#### What the task asks:
Transcribe the records below exactly as they appear, omitting any pictures.
▼
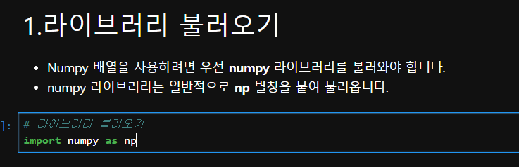 "import numpy as np", 기억하자. 이는 numpy 라이브러리를 불러와서 np라는 별칭으로 사용한다는 뜻이다. 물론, np라는 별칭 외에 다른 것으로 사용해도 되지만, 일종의 굳어진 사회적 함의이므로 최대한 위와 같은 별칭을 사용하도록 하자.
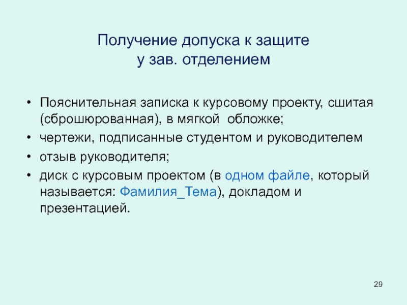 диск с курсовым проектом (в одном файле, который называется: Фамилия_Тема), докладом и презентацией.
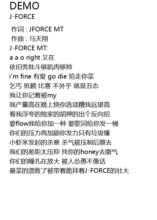 | [00:00.000] | 作词 : JFORCE MT |
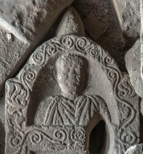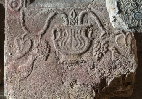 - Bogennische mit Brustbild eines baertigen Mannes, auf der rechten Schulter Scheibenfibel. Seitlich Palmettenakrotere, auf der Rahmenleiste Spiralranken. Unter dem Schriftfeld Krater, flankiert von Vögeln, aus dem Weinranken wachsen.
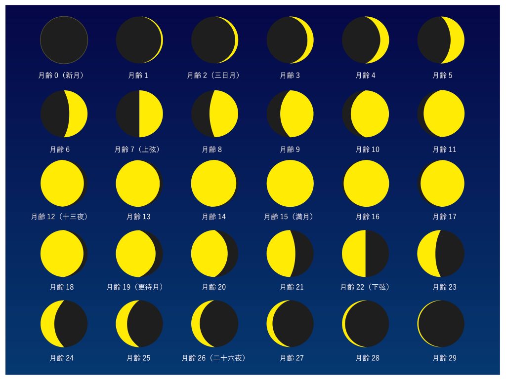 月はおよそ29.5日の周期で満ち欠けをくりかえしています。
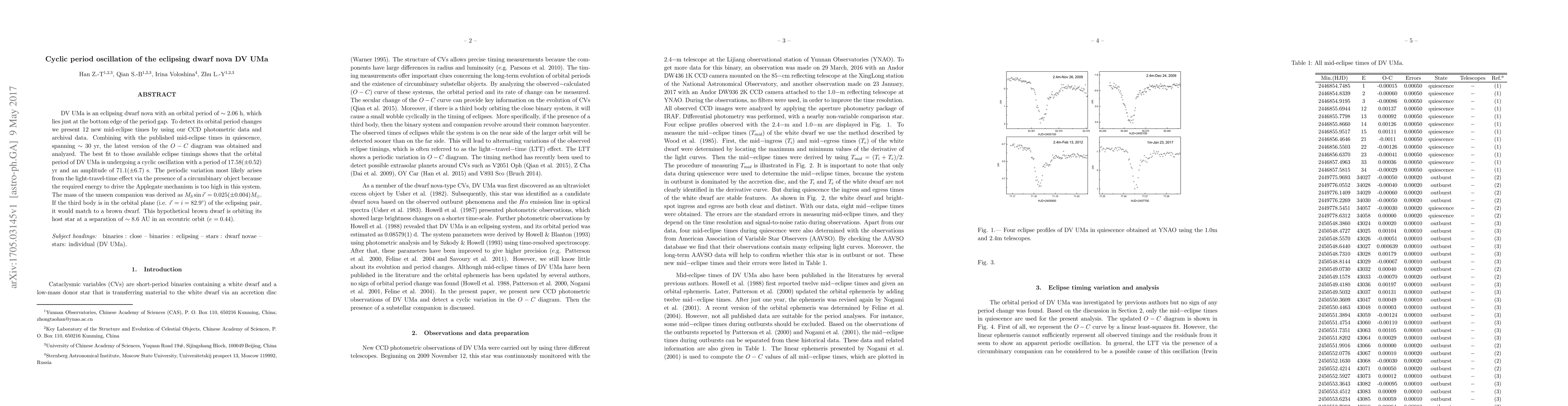 DV UMa, an eclipsing dwarf nova near the period gap, exhibits cyclic orbital period oscillations detected through new and archival mid-eclipse times. The oscillations, with a period of 17.58 years and an amplitude of 71.1 s, likely arise from a circumbinary object, suggesting a brown dwarf companion in an eccentric orbit.
▲
#### Exercise output:
 "import numpy as np", 기억하자. 이는 numpy 라이브러리를 불러와서 np라는 별칭으로 사용한다는 뜻이다. 물론, np라는 별칭 외에 다른 것으로 사용해도 되지만, 일종의 굳어진 사회적 함의이므로 최대한 위와 같은 별칭을 사용하도록 하자.
 диск с курсовым проектом (в одном файле, который называется: Фамилия_Тема), докладом и презентацией.
 | [00:00.000] | 作词 : JFORCE MT |
 - Bogennische mit Brustbild eines baertigen Mannes, auf der rechten Schulter Scheibenfibel. Seitlich Palmettenakrotere, auf der Rahmenleiste Spiralranken. Unter dem Schriftfeld Krater, flankiert von Vögeln, aus dem Weinranken wachsen.
 月はおよそ29.5日の周期で満ち欠けをくりかえしています。
 DV UMa, an eclipsing dwarf nova near the period gap, exhibits cyclic orbital period oscillations detected through new and archival mid-eclipse times. The oscillations, with a period of 17.58 years and an amplitude of 71.1 s, likely arise from a circumbinary object, suggesting a brown dwarf companion in an eccentric orbit.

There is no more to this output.